Test-Takers More Diverse
The SAT score falloff also coincided with increases in the number of students whose first language is not exclusively English and those who come from low-income households. In the class of 2007, 24 percent of students first learned either a language other than English or another language at the same time they learned English. That’s up 1 percentage point over last year’s class, and 7 percentage points over the class of 1997, the College Board reported.
The College Board also reported a 31 percent increase over the past two years in the number of students receiving SAT-fee waivers, eligibility for which is primarily determined using federal criteria for free and reduced-price lunch.
“I am encouraged by the greater numbers of students from all walks of life who are taking on the challenge of the SAT and college,” Gaston Caperton, the president of the College Board, said in a statement.
Harvard’s Mr. Koretz also applauded the increasing diversity of SAT-takers, and suggested that score declines needed to be viewed in that context. “The kids that are being added [to the pool of SAT-takers] are from historically underserved and lower-scoring groups. That tends to push scores down,” Mr. Koretz said. He posed this analogy: “If a hospital starts bringing in more and more old patients and the mortality rate is still flat, that’s good. Old people die more.”
Thomas Toch, a co-director of the Washington-based think tank Education Sector, also downplayed the importance of one-year gains or losses on the SAT—not only because such minute shifts rarely fall outside the margin of error, but also because he doesn’t believe the exam measures learning very well.

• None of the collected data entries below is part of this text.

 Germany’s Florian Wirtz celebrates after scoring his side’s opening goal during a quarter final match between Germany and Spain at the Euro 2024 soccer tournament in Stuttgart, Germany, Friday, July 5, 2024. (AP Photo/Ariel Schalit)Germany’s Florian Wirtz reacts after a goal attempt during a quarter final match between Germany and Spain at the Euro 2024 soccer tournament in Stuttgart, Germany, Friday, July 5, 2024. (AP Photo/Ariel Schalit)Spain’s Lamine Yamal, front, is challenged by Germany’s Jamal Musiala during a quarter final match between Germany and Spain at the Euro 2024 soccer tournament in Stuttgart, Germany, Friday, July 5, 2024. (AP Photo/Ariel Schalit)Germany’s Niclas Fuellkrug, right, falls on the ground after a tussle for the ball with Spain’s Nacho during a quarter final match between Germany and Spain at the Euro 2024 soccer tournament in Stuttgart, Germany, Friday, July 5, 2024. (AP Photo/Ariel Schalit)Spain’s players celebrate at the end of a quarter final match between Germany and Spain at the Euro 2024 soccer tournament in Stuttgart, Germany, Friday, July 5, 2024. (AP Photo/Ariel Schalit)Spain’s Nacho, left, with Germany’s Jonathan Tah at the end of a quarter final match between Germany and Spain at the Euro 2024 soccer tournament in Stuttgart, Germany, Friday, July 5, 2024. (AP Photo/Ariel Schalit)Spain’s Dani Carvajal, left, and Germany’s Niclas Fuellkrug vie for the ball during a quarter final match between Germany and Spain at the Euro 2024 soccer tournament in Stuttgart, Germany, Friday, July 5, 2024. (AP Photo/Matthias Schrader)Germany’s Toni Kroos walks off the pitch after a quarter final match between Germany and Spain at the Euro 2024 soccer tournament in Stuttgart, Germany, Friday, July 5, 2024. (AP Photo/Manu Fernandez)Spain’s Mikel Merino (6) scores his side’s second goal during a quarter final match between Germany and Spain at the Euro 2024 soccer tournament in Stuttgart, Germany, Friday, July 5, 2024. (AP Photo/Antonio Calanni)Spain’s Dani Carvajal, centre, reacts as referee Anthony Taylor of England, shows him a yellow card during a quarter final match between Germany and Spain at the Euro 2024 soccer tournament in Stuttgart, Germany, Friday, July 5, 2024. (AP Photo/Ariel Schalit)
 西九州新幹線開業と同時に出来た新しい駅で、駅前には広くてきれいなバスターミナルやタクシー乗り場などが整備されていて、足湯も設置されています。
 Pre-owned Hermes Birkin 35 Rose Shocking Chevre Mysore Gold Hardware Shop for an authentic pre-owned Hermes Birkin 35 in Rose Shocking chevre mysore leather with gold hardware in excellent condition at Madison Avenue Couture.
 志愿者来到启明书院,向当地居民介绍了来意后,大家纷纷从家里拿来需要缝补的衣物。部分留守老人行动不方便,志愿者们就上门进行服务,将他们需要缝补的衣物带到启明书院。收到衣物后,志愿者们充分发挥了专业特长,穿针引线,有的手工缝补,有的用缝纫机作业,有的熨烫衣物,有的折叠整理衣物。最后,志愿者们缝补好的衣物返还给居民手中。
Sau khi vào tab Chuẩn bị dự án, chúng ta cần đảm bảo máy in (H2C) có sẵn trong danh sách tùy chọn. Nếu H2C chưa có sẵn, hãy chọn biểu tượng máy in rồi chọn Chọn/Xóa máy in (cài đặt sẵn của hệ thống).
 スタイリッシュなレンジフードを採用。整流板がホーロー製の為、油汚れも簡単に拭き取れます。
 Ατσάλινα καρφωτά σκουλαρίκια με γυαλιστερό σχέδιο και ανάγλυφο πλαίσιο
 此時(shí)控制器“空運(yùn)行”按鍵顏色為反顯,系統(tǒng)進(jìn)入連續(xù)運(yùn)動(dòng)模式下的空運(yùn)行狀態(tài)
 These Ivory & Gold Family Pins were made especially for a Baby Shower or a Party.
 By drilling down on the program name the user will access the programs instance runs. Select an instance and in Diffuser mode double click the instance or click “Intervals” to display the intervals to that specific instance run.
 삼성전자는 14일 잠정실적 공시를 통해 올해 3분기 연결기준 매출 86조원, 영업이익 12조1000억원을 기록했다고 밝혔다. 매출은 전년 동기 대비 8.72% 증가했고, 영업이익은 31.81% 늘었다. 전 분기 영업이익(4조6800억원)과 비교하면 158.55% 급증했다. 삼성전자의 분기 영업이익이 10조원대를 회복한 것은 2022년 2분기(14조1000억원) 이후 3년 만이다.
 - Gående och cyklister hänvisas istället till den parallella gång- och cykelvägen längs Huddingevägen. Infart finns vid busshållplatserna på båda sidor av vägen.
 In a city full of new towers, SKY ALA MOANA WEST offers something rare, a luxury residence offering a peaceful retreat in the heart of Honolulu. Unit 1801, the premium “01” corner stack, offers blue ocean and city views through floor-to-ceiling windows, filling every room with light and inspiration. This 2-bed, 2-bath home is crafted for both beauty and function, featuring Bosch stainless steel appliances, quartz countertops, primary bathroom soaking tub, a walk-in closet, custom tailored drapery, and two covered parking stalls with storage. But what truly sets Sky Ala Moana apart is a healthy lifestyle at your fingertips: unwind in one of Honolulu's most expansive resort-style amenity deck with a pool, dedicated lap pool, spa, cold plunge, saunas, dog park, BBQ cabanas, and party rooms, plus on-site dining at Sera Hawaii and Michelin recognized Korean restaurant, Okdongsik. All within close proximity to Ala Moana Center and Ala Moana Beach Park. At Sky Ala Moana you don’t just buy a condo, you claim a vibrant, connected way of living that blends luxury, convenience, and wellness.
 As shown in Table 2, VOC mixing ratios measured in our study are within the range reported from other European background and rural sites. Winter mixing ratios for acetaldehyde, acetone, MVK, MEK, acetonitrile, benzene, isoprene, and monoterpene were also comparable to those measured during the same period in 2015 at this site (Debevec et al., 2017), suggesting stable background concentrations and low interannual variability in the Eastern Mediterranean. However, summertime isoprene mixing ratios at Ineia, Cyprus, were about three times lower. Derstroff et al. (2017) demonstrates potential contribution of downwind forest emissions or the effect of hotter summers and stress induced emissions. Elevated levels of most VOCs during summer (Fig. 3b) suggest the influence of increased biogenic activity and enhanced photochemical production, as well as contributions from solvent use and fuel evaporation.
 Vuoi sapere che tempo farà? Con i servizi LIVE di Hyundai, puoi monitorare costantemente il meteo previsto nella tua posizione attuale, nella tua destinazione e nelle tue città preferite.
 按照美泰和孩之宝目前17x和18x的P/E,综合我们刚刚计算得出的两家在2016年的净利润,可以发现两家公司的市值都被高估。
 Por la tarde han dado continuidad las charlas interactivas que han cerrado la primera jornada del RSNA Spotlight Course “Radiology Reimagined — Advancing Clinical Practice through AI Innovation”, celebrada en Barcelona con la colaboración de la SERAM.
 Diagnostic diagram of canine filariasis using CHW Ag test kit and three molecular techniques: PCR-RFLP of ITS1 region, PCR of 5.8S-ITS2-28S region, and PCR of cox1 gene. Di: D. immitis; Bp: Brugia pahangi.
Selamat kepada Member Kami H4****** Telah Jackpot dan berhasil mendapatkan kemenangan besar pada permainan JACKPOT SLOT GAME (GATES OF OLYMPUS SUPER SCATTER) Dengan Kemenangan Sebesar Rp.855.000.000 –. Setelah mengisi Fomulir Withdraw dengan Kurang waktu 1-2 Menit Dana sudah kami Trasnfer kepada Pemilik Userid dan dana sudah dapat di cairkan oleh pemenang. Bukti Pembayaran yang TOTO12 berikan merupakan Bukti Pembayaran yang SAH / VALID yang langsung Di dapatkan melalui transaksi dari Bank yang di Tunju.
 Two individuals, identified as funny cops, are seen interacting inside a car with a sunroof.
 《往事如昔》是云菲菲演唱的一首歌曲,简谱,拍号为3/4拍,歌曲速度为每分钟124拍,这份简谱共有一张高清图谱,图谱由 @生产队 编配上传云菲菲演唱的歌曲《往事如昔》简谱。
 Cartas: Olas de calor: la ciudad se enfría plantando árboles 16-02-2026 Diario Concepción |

“SAT scores are largely a function of family income; they correlate more strongly with privilege than any other factor,” he said. “We should pay more attention to NAEP [the National Assessment of Educational Progress], which measures large samples of students on more curriculum-specific matter.”
Gender Gaps Persist
Among individual racial and ethnic groups, mean SAT scores on the critical-reading, mathematics, and writing sections fluctuated in comparison with the class of 2006, but none rose or fell more than a handful of points.
Gender gaps on all three sections also remained mostly static since last year. Boys' mean score on the writing section continued to lag behind girls' by 11 points, and boys' mean score on the math section continued to best the girls' by 34 points.
Taking the long view, the mean score on the critical-reading section, formerly known as the verbal section, has declined 28 points since the class of 1972 took the SAT, according to the College Board. The mean math score has risen 6 points since then.
In sheer volume, the number of 2007 graduates taking the SAT—1.49 million—set a record. While that figure maintains the SAT’s dominance over the ACT, which was taken by 1.3 million students of the class of 2007, the gap is shrinking.